It is required that the lines from the top of the listing through the line with "그리고 혹시 네이버 번역기" be reproduced exactly, excluding pictures.

[GIVEN MATERIAL]
····················

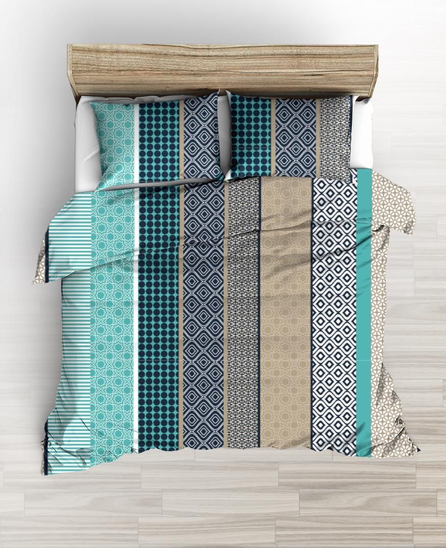 Fan Pościel Z Kory 160X200 Turkusowa Beżowe Szara Pionowe Pasy Romby Geometria 40853 Aleksandrów Łódzki
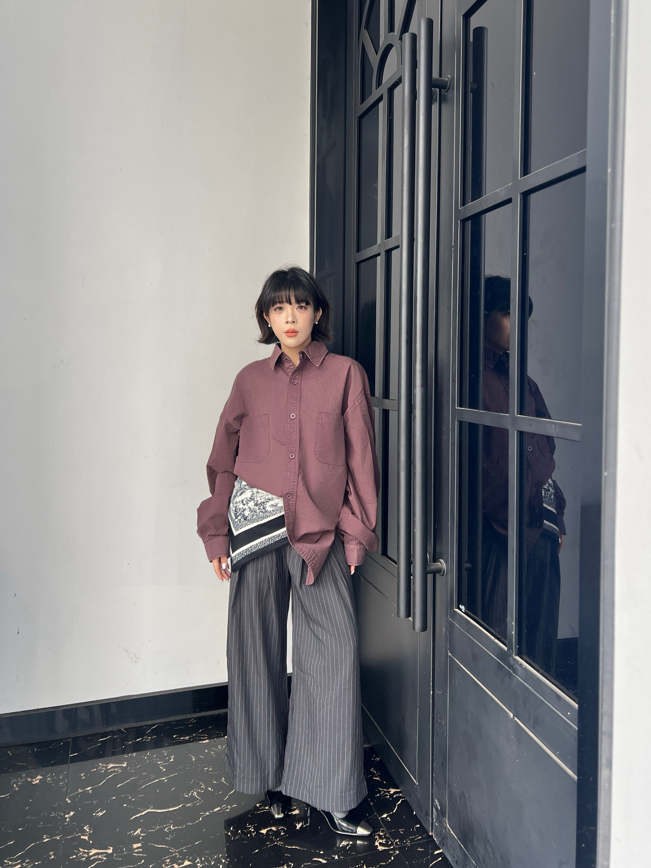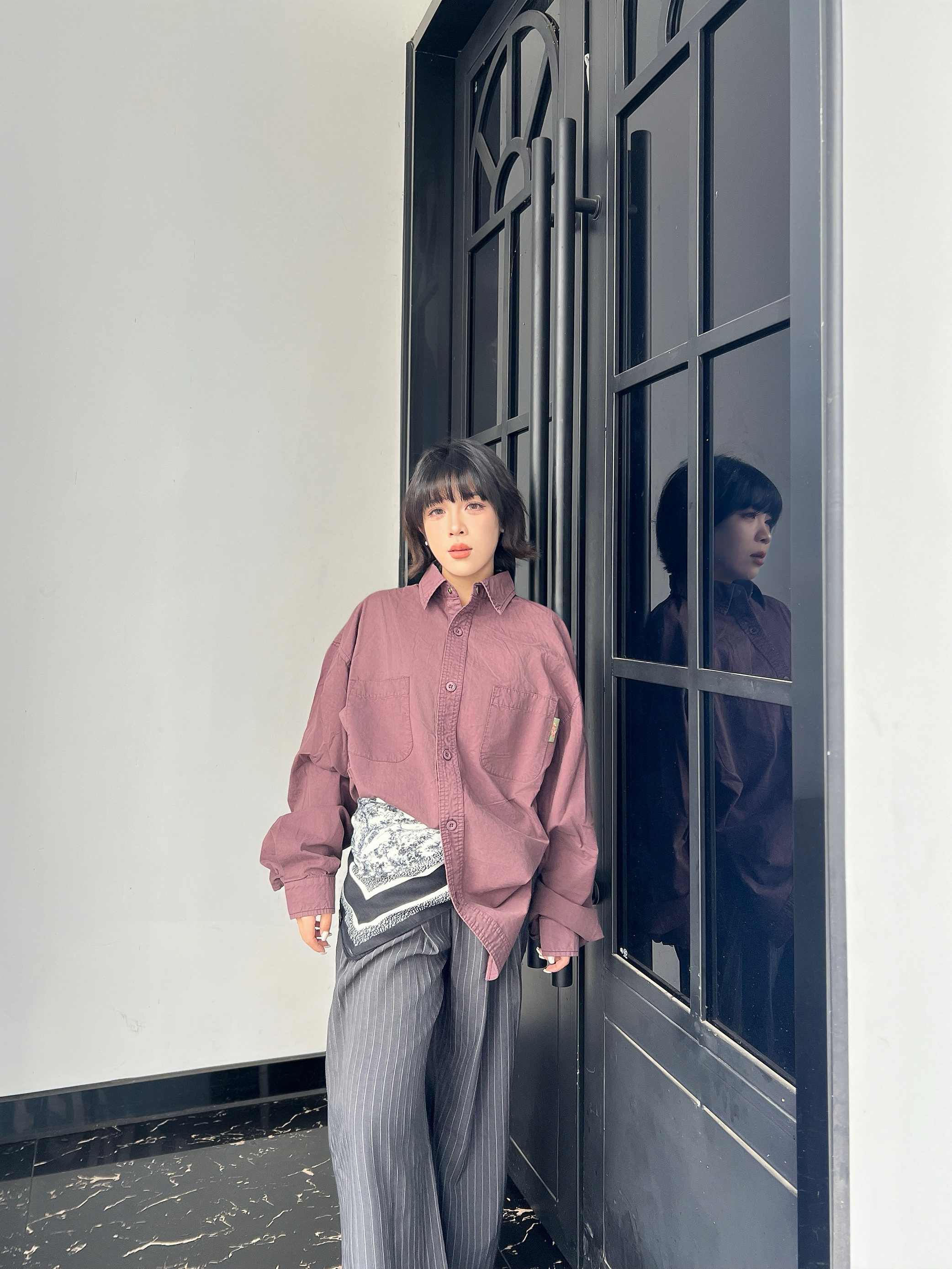 廓系的版型 对瘦子特别友好~衣服没有图案就是简单的款式 衣领和袖口内衬做了图案点缀,好特别!!如果觉得太长可以像我这样折起来,效果不错😌 质感版型在线,长期主义人的可学可勤知识分子风~
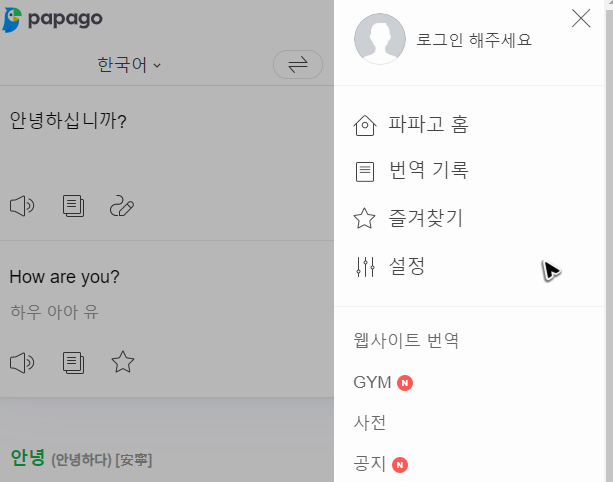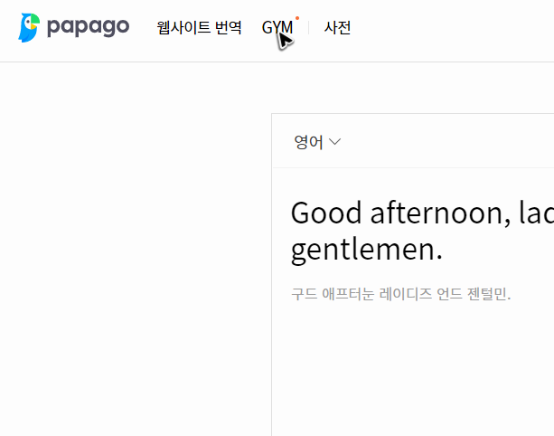 그리고 혹시 네이버 번역기 파파고의 바로가기를 해서 사용하는데, 기능적인 부분이 발전할 수 있도록 도움을 주고 있으시다면, 왼쪽 상단에 있는 GYM이라 적힌 메뉴를 눌러주세요. 그럼 네이버 번역기의 파파고에 변환 능력을 높일 수 있도록 데이터 입력에 참여할 수 있습니다.
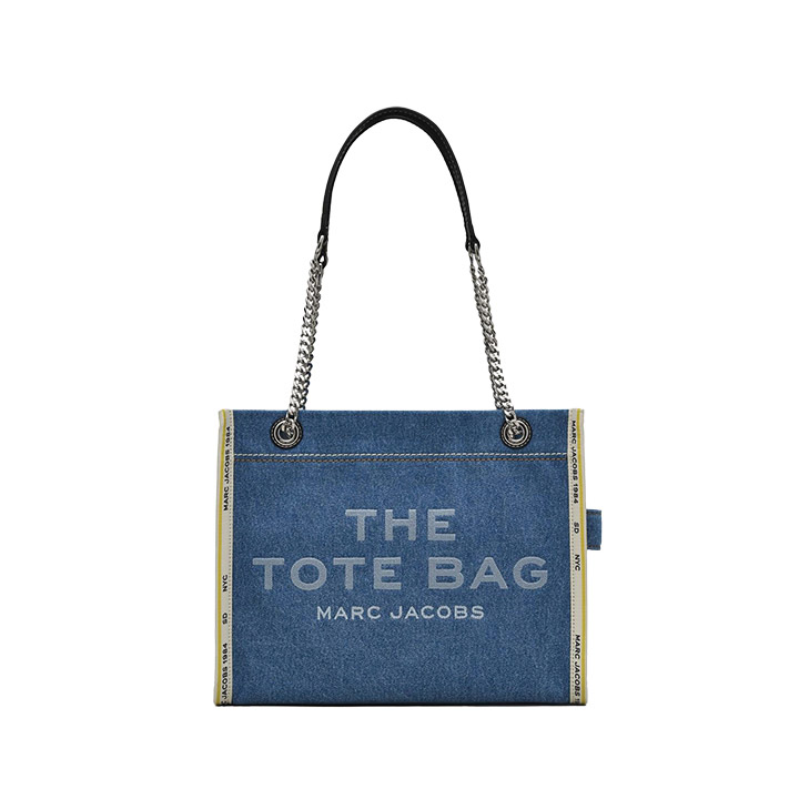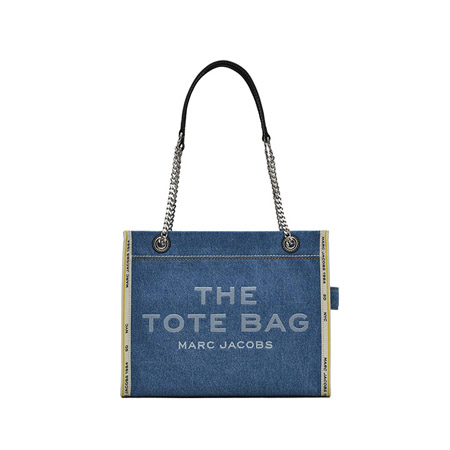 An iconic Marc Jacobs silhouette, this zip-top medium tote in deluxe structured denim features signature embroidered namesake branding, an elevated chain strap with leather guard detailing and Marc Jacobs' essential carryall design. Wear over your shoulder or carry by leather-chain top handle for handheld styling. Dimensions: 5.91" x 10.24" x 12.99".

····················

[REPLY TO THE EXERCISE]
 Fan Pościel Z Kory 160X200 Turkusowa Beżowe Szara Pionowe Pasy Romby Geometria 40853 Aleksandrów Łódzki
 廓系的版型 对瘦子特别友好~衣服没有图案就是简单的款式 衣领和袖口内衬做了图案点缀,好特别!!如果觉得太长可以像我这样折起来,效果不错😌 质感版型在线,长期主义人的可学可勤知识分子风~
 그리고 혹시 네이버 번역기 파파고의 바로가기를 해서 사용하는데, 기능적인 부분이 발전할 수 있도록 도움을 주고 있으시다면, 왼쪽 상단에 있는 GYM이라 적힌 메뉴를 눌러주세요. 그럼 네이버 번역기의 파파고에 변환 능력을 높일 수 있도록 데이터 입력에 참여할 수 있습니다.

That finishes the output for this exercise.